MUMBAI: India’s central bank yesterday announced a surprise quarter-point rise in its key interest rate, signalling that taming inflation is the priority rather than spurring growth months before an election.
After a meeting in the financial hub Mumbai, the Reserve Bank of India (RBI) lifted the benchmark repo rate, at which it lends to commercial banks, to 8.0 percent. The cash reserve ratio, the amount banks must keep in hand to withstand financial shocks, was left unchanged at 4.0 percent.
The currency rose on the news, firming by about half a rupee to Rs62.66 to the dollar from Monday’s more than two-month low.
The unit has come under renewed pressure amid investor fears about the impact of a rollback in the US Federal Reserve’s easy money policy on India and other emerging markets.
“The decision was a close one this time around,” RBI Governor Raghuram Rajan, who has steered a hawkish course since he took over last year, told reporters.
“But we chose to act,” he said, adding, “some aspects of inflation continued to be sticky despite a fall in vegetable prices that suggested to us some more medicine was required.”
The rate hike was unexpected, with most economists forecasting borrowing costs would remain on hold, especially after a fall in the widely watched Wholesale Price Index last month to 6.16 percent year-on-year in December from 7.52 percent in November.
Yesterday’s announcement disappointed business leaders, who have been clamouring for a rate cut to spur an economy which has been growing at a decade low.
Chandrajit Banerjee, director general of the Confederation of Indian Industry, said he was “surprised” by the decision.
“This is an opportune time to accord a precedence to growth over inflation,” he said.
But Rajan said there were still upward pressures on inflation from factors such as rising services prices, which needed addressing “resolutely” even while “recognising the economy is weak and substantial fiscal tightening is likely” in the January-March quarter.

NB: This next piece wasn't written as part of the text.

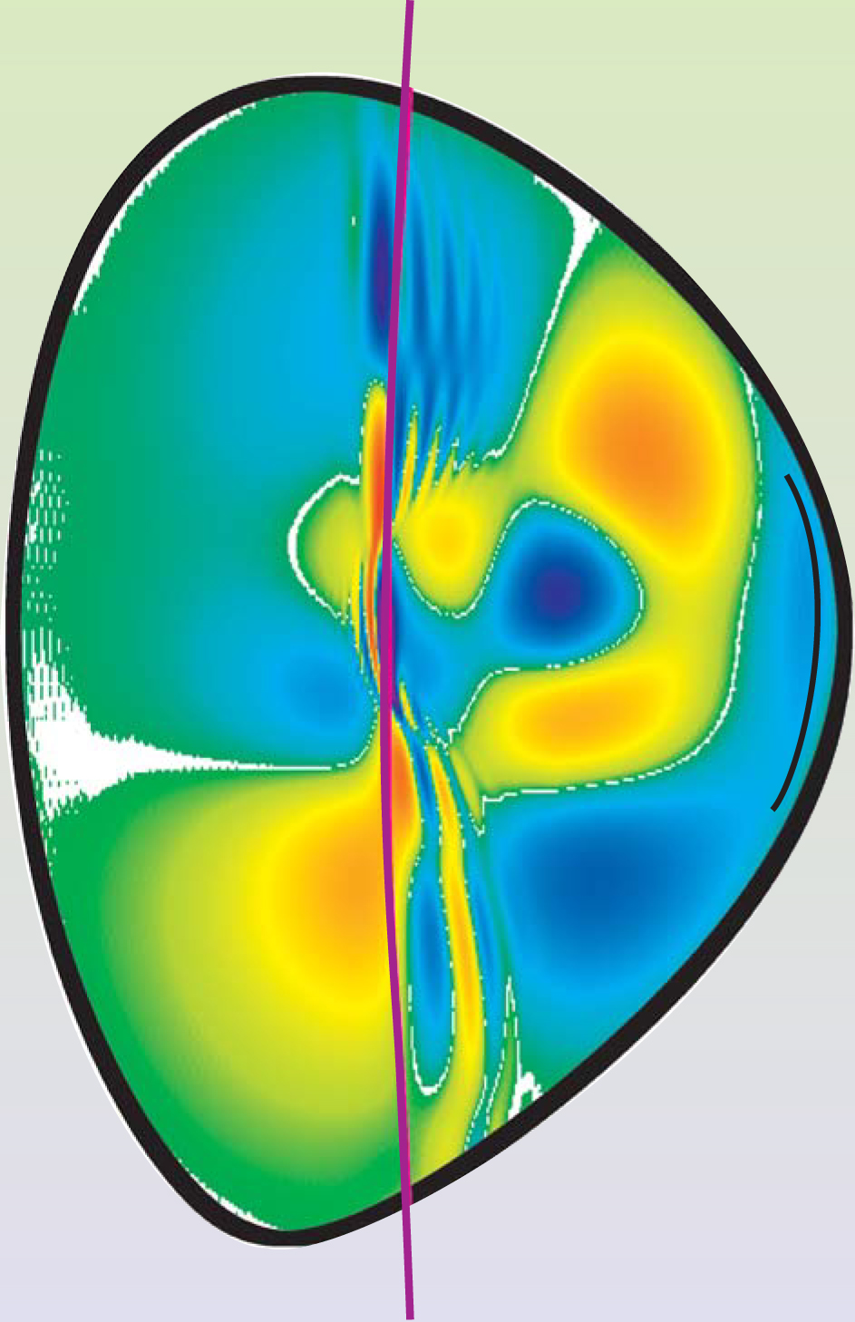 Figure 1. In mode conversion, plasma wavelengths change dramatically. In this simulation, plasma waves introduced by the antenna (visible to the right just inside the conducting boundary) are converted into shorter-wavelength modes near the surface indicated by the purple line. (The part of the nominal surface beyond the conducting boundary is to guide the eye.) Colors indicate the amplitude of an electric-field component: Warm colors are positive, cool colors are negative. The simulated region is about 0.4 m across.
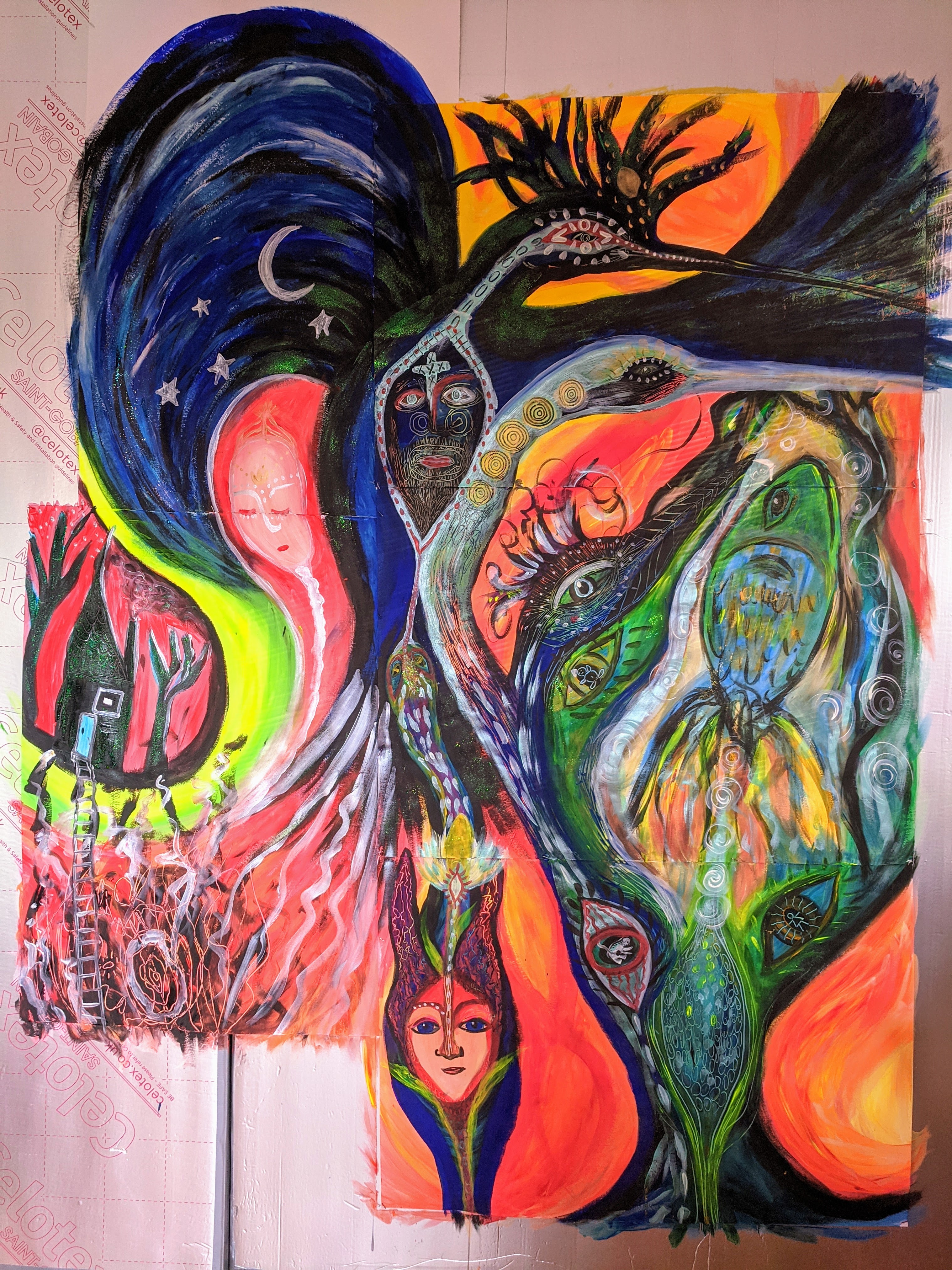 Trust is the cornerstone of the intuitive painting process. Its the foundation principle. When we get out of our own way and into our body, we’re opening up to the magic and mystery of the creative source of all. It’s a humbling practice of surrendering control and asking for guidance over and over. ‘I don’t know’ mindset is our biggest asset in stepping into the realm of our intuition. When we let go of figuring it out and needing to know, we relax and allow what really wants to come through. This is where the magic lies.

Madan Sabnavis, chief economist, Care Ratings, said: “Usually the RBI talks about growth and inflation. But this time it was just inflation and inflation.
“The signal is, corporates should not expect growth to be driven by interest rate adjustments.”
The RBI raised rates in both September and October to fight inflation, but then surprised markets by holding them steady in December even after inflation accelerated to a 14-month peak.
According to a macroeconomic report on Tuesday the central bank expects headline consumer price index inflation to remain above nine percent for the rest of this financial year to the end of March.